Work task ▸
When the line containing "上面说的种种缺陷,仅仅是今时" appears in the data below, begin copying there and stop only after the line containing "如果是希望他扑救属性能够得到".
Data excerpts section start
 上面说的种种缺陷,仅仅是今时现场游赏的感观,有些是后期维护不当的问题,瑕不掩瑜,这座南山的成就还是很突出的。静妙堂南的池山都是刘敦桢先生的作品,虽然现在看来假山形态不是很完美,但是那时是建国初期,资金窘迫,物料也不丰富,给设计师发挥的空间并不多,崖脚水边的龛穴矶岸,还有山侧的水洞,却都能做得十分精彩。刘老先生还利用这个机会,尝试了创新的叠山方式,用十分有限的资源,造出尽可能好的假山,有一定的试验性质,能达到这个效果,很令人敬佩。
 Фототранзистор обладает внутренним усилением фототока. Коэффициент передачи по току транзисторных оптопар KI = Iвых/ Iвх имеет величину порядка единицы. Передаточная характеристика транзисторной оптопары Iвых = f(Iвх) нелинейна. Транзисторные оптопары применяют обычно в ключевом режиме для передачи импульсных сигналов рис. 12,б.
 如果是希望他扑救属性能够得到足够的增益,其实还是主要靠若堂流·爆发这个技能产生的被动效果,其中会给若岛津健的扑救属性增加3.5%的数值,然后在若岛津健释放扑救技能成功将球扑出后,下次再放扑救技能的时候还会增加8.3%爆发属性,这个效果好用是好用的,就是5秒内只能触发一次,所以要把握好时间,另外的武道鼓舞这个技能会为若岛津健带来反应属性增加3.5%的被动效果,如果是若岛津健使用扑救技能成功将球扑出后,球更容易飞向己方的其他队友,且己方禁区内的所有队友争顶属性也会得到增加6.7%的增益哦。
Data excerpts section end
Data excerpts section start
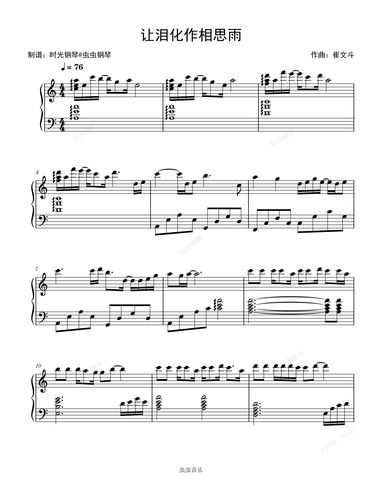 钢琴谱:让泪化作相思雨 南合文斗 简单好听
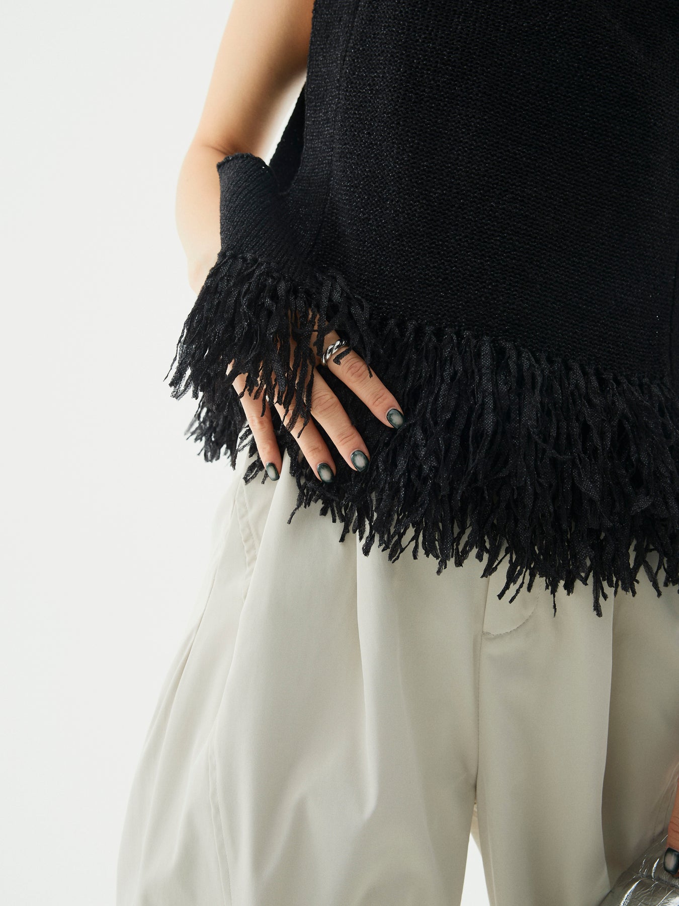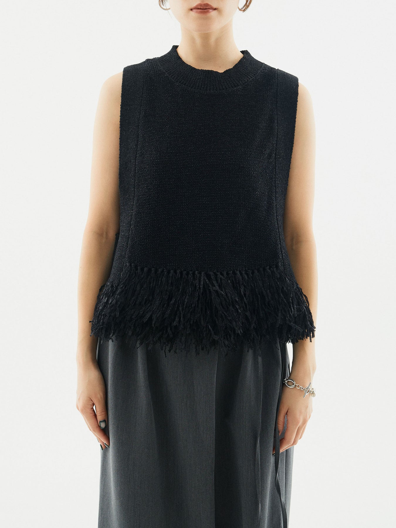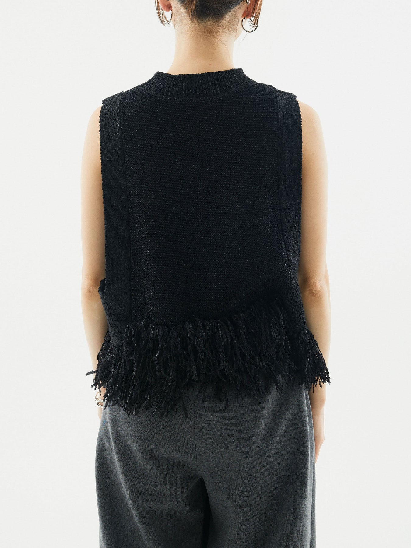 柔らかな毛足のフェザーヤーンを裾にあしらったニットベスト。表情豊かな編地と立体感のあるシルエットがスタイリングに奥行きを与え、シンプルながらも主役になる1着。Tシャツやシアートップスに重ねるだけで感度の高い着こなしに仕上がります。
Data excerpts section end
Written answer ▸
 上面说的种种缺陷,仅仅是今时现场游赏的感观,有些是后期维护不当的问题,瑕不掩瑜,这座南山的成就还是很突出的。静妙堂南的池山都是刘敦桢先生的作品,虽然现在看来假山形态不是很完美,但是那时是建国初期,资金窘迫,物料也不丰富,给设计师发挥的空间并不多,崖脚水边的龛穴矶岸,还有山侧的水洞,却都能做得十分精彩。刘老先生还利用这个机会,尝试了创新的叠山方式,用十分有限的资源,造出尽可能好的假山,有一定的试验性质,能达到这个效果,很令人敬佩。
 Фототранзистор обладает внутренним усилением фототока. Коэффициент передачи по току транзисторных оптопар KI = Iвых/ Iвх имеет величину порядка единицы. Передаточная характеристика транзисторной оптопары Iвых = f(Iвх) нелинейна. Транзисторные оптопары применяют обычно в ключевом режиме для передачи импульсных сигналов рис. 12,б.
 如果是希望他扑救属性能够得到足够的增益,其实还是主要靠若堂流·爆发这个技能产生的被动效果,其中会给若岛津健的扑救属性增加3.5%的数值,然后在若岛津健释放扑救技能成功将球扑出后,下次再放扑救技能的时候还会增加8.3%爆发属性,这个效果好用是好用的,就是5秒内只能触发一次,所以要把握好时间,另外的武道鼓舞这个技能会为若岛津健带来反应属性增加3.5%的被动效果,如果是若岛津健使用扑救技能成功将球扑出后,球更容易飞向己方的其他队友,且己方禁区内的所有队友争顶属性也会得到增加6.7%的增益哦。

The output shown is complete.